User: Home Plate Entertainment
Date posted: Sat, 14 Jul 2018 02:42:01 GMT
About Lolee Aries: Death doesn't have to be so sad. Gone but not forgotten - is not gone.
I've been trying to write something to convey my deep sadness for our loss of one of the most wonderful people I've ever known. Lolee Aries passed away on Tuesday, July 10th, 2018 (born: Apr 18, 1957) from complications of lymphoma. She recently retired from an amazingly productive and treasured career in the Animation industry, starting out as a "tea girl" in one of the world leading ...cartoon studios of Asia, Cuckoo's Nest/Wang Film.
Founded with Bill Hanna of legendary Hanna-Barbera, Cuckoo's Nest animated so many of the Saturday morning Cartoons my generation grew up on - shipping 35mm negative and workprint to the San Fernando Valley factory so another episode of Scooby Do Where are You could be broadcast to an American audience of kids huddled every Saturday morning in front of an actual cathode ray tube TV set. Lolee came here with her husband to be, overseas animation supervisor Peter Aries, at the young age of 25, after rising to the position of editor in the thousand employee toon palace in Asia.

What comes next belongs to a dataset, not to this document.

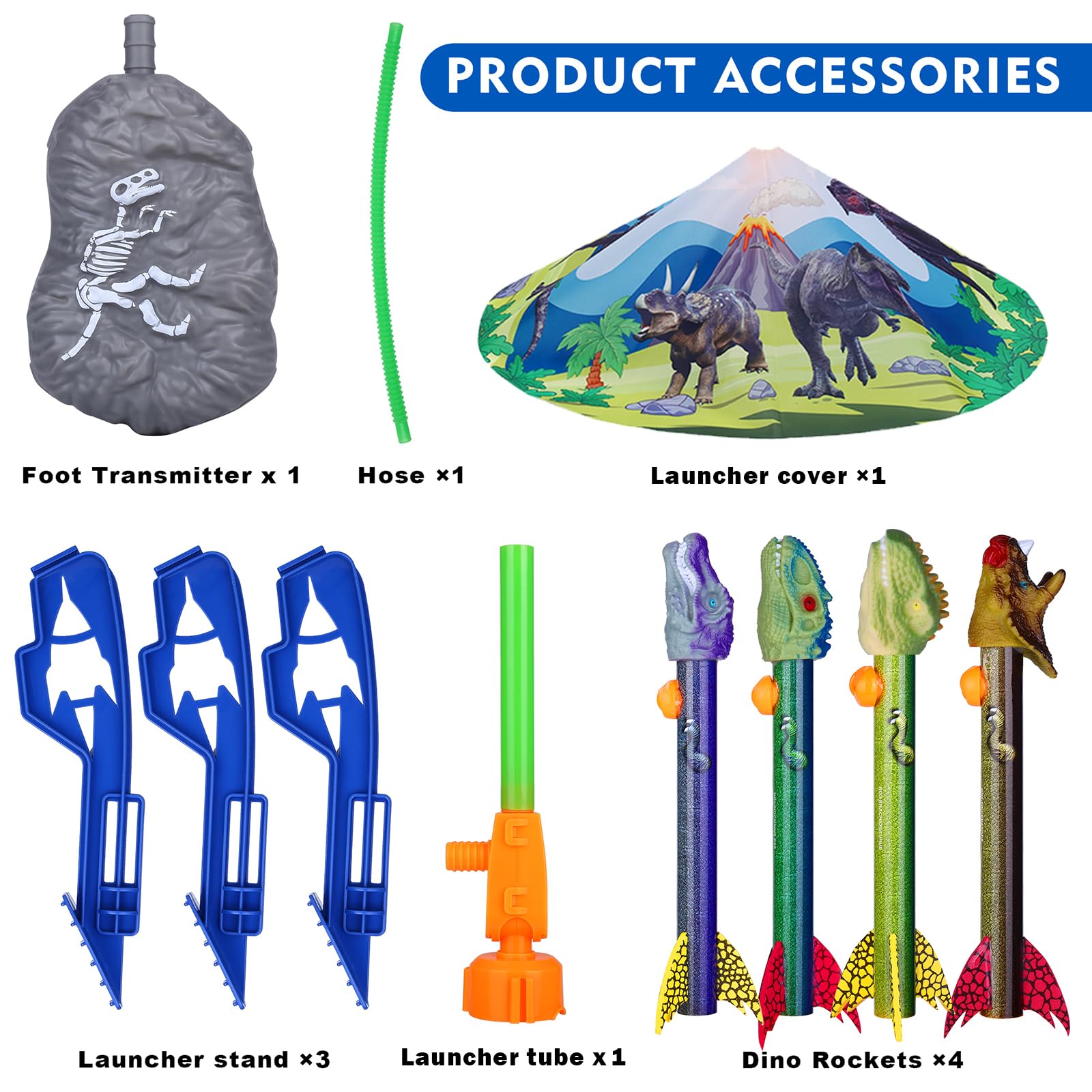 - Toy Rocket Launcher for Kids: This rocket launcher set includes 4 foam multi-color dino rockets, 1 step pad, 1 launch stand with an adjustable launch tube. Kids can have hours of fun just by running, jumping and stepping. Very suitable for boys age 3+

We met when she came to work for me/with me at Film Roman in 1989, three years after arriving here in Los Angeles from Taiwan, first as an associate producer on Garfield & Friends and Bobby's World - and then as our Studio head of production, also overseeing production on the Simpsons and King of the Hill, as well as a Tom & Jerry Movie, creatively supervised by the spry, if not lecherous - in a nice way (pre-pre-pre #metoo) Joseph Barbera, for Ted Turner, who had bought the MGM Library.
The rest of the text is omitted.